**Work instruction**
From the first line to the last, repeat the data exactly but leave out the pictures.

**Raw data**
★ ★ ★ ★ ★

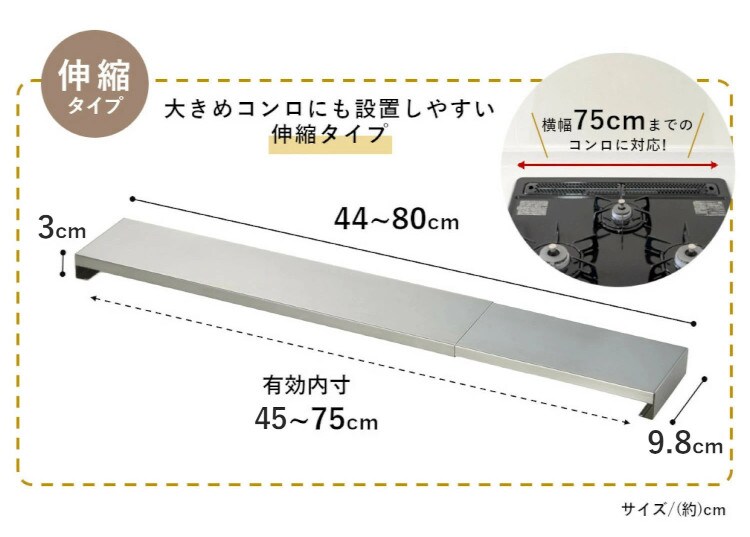 排気口カバー 伸縮式 スライド フラット ステンレス シルバー 薄型 45cm〜60cm~75cm ガスコンロ IH グリル 掃除 油汚れ 防止 ガード キッチン おしゃれ シルバー
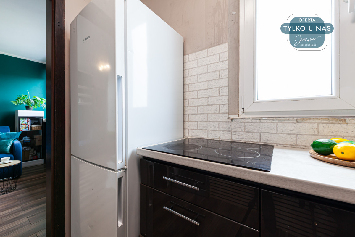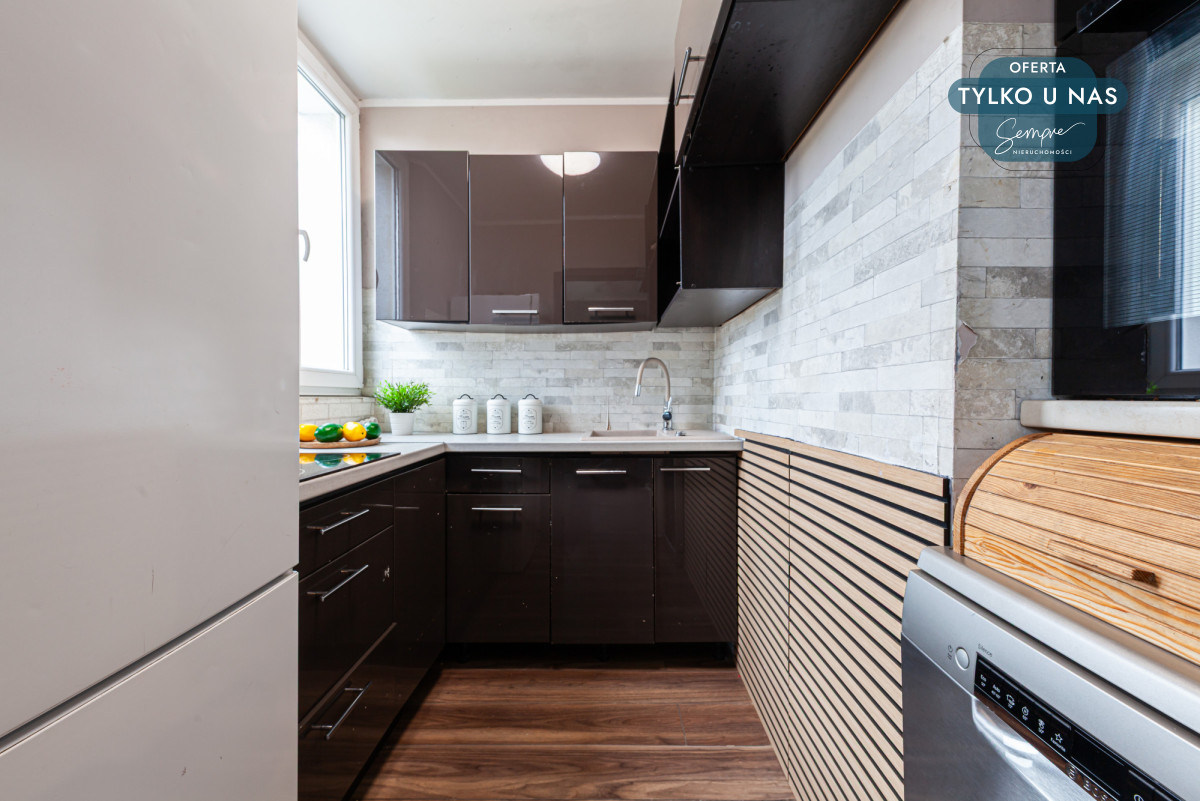 Funkcjonalna, utrzymana w ciepłej kolorystyce beżu i brązu. Wyposażona w meble oraz sprzęt AGD (lodówka, piekarnik, płyta indukcyjna), które pozostają do dyspozycji nowego właściciela.
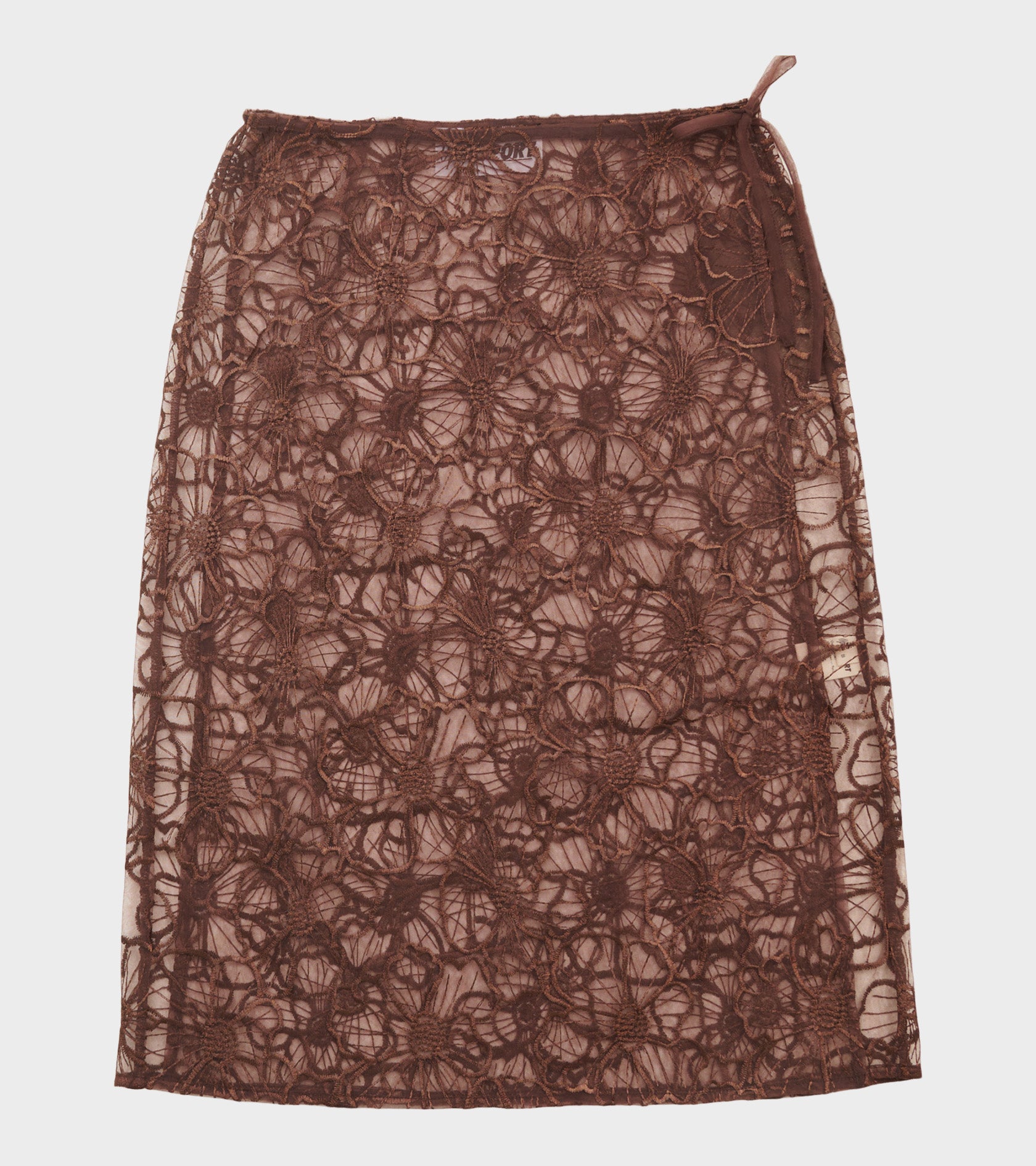 Brun knælang blondenederdel fra OperaSPORT. Alba Long Skirt er fremstillet i genanvendt polyester og har all-over blonder med store blomster. Nederdelen har et wrap-design med et bindebånd i siden, så den kan justeres i størrelse og pasform.

★ ★ ★ ★ ★

**Finished exercise**
 排気口カバー 伸縮式 スライド フラット ステンレス シルバー 薄型 45cm〜60cm~75cm ガスコンロ IH グリル 掃除 油汚れ 防止 ガード キッチン おしゃれ シルバー
 Funkcjonalna, utrzymana w ciepłej kolorystyce beżu i brązu. Wyposażona w meble oraz sprzęt AGD (lodówka, piekarnik, płyta indukcyjna), które pozostają do dyspozycji nowego właściciela.
 Brun knælang blondenederdel fra OperaSPORT. Alba Long Skirt er fremstillet i genanvendt polyester og har all-over blonder med store blomster. Nederdelen har et wrap-design med et bindebånd i siden, så den kan justeres i størrelse og pasform.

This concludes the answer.